BEGIN

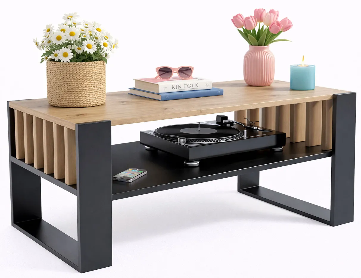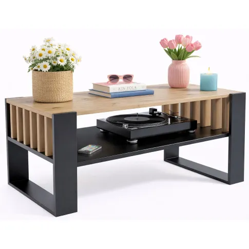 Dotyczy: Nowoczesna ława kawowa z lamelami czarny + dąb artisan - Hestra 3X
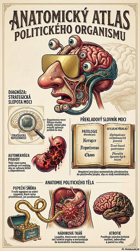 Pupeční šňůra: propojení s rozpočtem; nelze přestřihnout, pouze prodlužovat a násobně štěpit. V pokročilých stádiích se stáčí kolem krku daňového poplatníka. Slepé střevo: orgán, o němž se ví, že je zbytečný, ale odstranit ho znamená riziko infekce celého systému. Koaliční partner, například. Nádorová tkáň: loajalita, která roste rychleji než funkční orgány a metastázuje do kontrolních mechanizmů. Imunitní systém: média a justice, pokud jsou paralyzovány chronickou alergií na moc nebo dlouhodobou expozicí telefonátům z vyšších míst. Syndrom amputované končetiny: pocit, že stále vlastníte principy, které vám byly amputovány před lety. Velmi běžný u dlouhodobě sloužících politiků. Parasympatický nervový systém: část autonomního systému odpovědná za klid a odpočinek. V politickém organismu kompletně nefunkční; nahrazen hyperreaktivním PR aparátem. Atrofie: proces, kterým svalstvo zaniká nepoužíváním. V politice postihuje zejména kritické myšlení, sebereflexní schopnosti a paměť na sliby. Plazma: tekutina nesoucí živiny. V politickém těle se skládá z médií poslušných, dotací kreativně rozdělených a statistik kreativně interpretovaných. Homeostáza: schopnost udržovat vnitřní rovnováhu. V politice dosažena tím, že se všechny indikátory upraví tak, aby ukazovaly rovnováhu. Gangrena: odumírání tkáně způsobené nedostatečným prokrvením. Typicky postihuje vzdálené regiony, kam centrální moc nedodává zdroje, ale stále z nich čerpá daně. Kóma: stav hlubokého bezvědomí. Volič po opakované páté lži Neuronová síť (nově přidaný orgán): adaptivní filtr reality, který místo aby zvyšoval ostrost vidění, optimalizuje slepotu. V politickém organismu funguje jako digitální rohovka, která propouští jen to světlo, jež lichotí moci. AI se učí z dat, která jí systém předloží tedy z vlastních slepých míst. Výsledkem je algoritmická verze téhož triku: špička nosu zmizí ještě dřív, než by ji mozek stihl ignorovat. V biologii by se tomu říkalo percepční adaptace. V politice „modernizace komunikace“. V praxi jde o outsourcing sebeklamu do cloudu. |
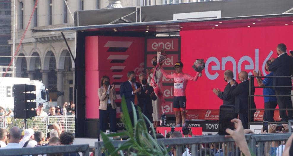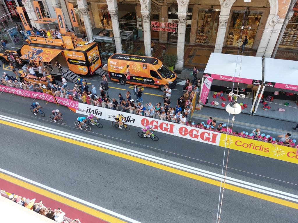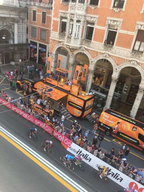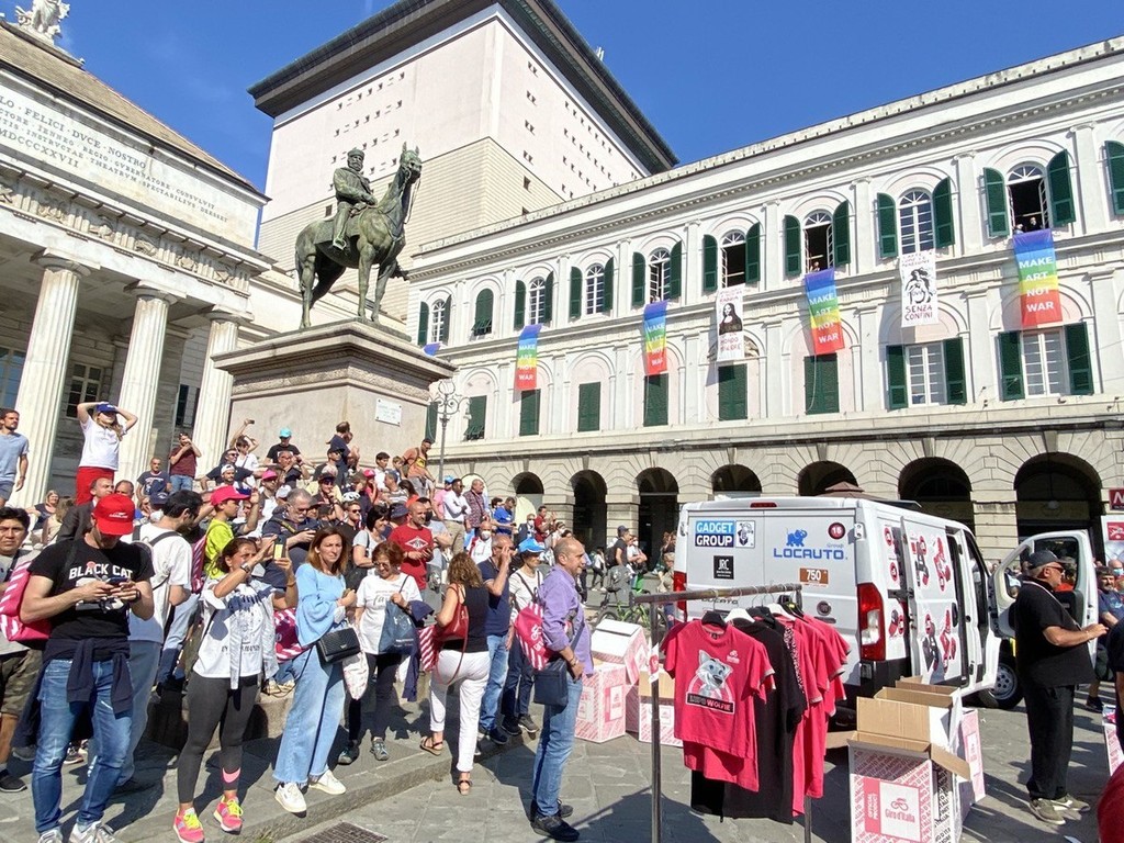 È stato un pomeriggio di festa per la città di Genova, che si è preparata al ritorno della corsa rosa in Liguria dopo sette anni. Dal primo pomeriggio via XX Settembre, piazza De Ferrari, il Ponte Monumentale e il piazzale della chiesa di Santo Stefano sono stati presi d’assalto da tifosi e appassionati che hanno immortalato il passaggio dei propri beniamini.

END

Write out the material above exactly. Skip the pictures.

> [SOLVED EXERCISE]
 Dotyczy: Nowoczesna ława kawowa z lamelami czarny + dąb artisan - Hestra 3X
 Pupeční šňůra: propojení s rozpočtem; nelze přestřihnout, pouze prodlužovat a násobně štěpit. V pokročilých stádiích se stáčí kolem krku daňového poplatníka. Slepé střevo: orgán, o němž se ví, že je zbytečný, ale odstranit ho znamená riziko infekce celého systému. Koaliční partner, například. Nádorová tkáň: loajalita, která roste rychleji než funkční orgány a metastázuje do kontrolních mechanizmů. Imunitní systém: média a justice, pokud jsou paralyzovány chronickou alergií na moc nebo dlouhodobou expozicí telefonátům z vyšších míst. Syndrom amputované končetiny: pocit, že stále vlastníte principy, které vám byly amputovány před lety. Velmi běžný u dlouhodobě sloužících politiků. Parasympatický nervový systém: část autonomního systému odpovědná za klid a odpočinek. V politickém organismu kompletně nefunkční; nahrazen hyperreaktivním PR aparátem. Atrofie: proces, kterým svalstvo zaniká nepoužíváním. V politice postihuje zejména kritické myšlení, sebereflexní schopnosti a paměť na sliby. Plazma: tekutina nesoucí živiny. V politickém těle se skládá z médií poslušných, dotací kreativně rozdělených a statistik kreativně interpretovaných. Homeostáza: schopnost udržovat vnitřní rovnováhu. V politice dosažena tím, že se všechny indikátory upraví tak, aby ukazovaly rovnováhu. Gangrena: odumírání tkáně způsobené nedostatečným prokrvením. Typicky postihuje vzdálené regiony, kam centrální moc nedodává zdroje, ale stále z nich čerpá daně. Kóma: stav hlubokého bezvědomí. Volič po opakované páté lži Neuronová síť (nově přidaný orgán): adaptivní filtr reality, který místo aby zvyšoval ostrost vidění, optimalizuje slepotu. V politickém organismu funguje jako digitální rohovka, která propouští jen to světlo, jež lichotí moci. AI se učí z dat, která jí systém předloží tedy z vlastních slepých míst. Výsledkem je algoritmická verze téhož triku: špička nosu zmizí ještě dřív, než by ji mozek stihl ignorovat. V biologii by se tomu říkalo percepční adaptace. V politice „modernizace komunikace“. V praxi jde o outsourcing sebeklamu do cloudu. |
 È stato un pomeriggio di festa per la città di Genova, che si è preparata al ritorno della corsa rosa in Liguria dopo sette anni. Dal primo pomeriggio via XX Settembre, piazza De Ferrari, il Ponte Monumentale e il piazzale della chiesa di Santo Stefano sono stati presi d’assalto da tifosi e appassionati che hanno immortalato il passaggio dei propri beniamini.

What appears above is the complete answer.